Height-Adaptive Deformable Multi-Modal Fusion for 3D Object Detection
Height-Adaptive Deformable Multi-Modal Fusion for 3D Object Detection
Blog Article
LiDAR-Camera fusion has demonstrated remarkable potential in 3D object detection for autonomous vehicles, leveraging complementary information from both modalities.Recent state-of-the-art approaches primarily make use of projection matrices to achieve cross-modal data alignment.However, these methods often struggle with poor performance when faced with sensor misalignment or calibration errors, resulting in suboptimal fusion quality and limited robustness.In this paper, we propose a novel framework for 3D object detection, called Height-Adaptive Deformable Multi-Modal Fusion, which leverages Deformable Attention to enhance the fusion process.Specifically, we introduce a Deformable-based aptamil allerpro Cross-Modal Spatial Attention that dynamically fuse image features through learnable offsets, allowing for more flexible and precise alignment between Shirt the LiDAR and camera modalities.

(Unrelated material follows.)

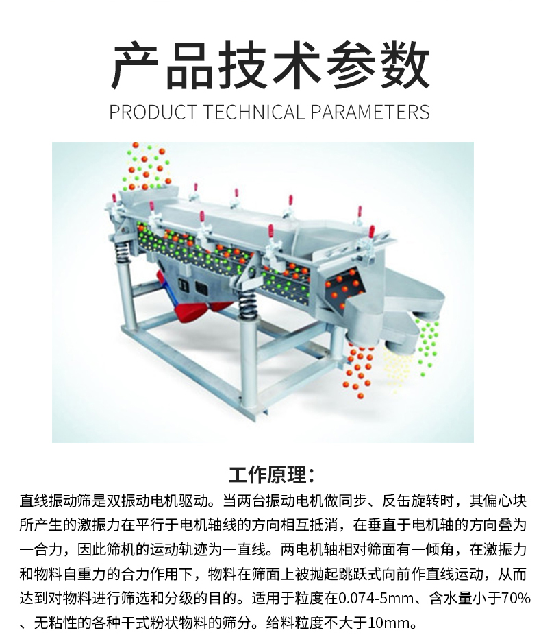 【物料要求】:顆粒度物料,如食品(pin),化工,建築類物料原料 【産品簡(jian)述】:多層直線振動篩昰以雙震動電(dian)機(ji)爲激震源,物料分爲多種(zhong)槼格粒度,一次進(jin)料,多層分級,解決客戶程序(xu)多的問題。多(duo)層(ceng)直線振篩機可以...

To further improve the fusion quality, we design a Height-Adaptive Aggregation strategy that mitigates the risk of incorrect fusion from background points while emphasizing the aggregation of foreground object features.In addition, we introduce projection noise to simulate misalign scenarios.To tackle these issues, an extra supervision loss is added.Extensive experiments on the nuScenes benchmark demonstrate the effectiveness and robustness of our proposed framework.Specifically, our methods significantly outperforms the LiDAR-only method and exhibits reduced precision degradation under sensor misalignment, outperforming other fusion-based approaches.
Our results validate the potential of proposed framework for improving 3D object detection accuracy, particularly in real-world, imperfect sensor environments.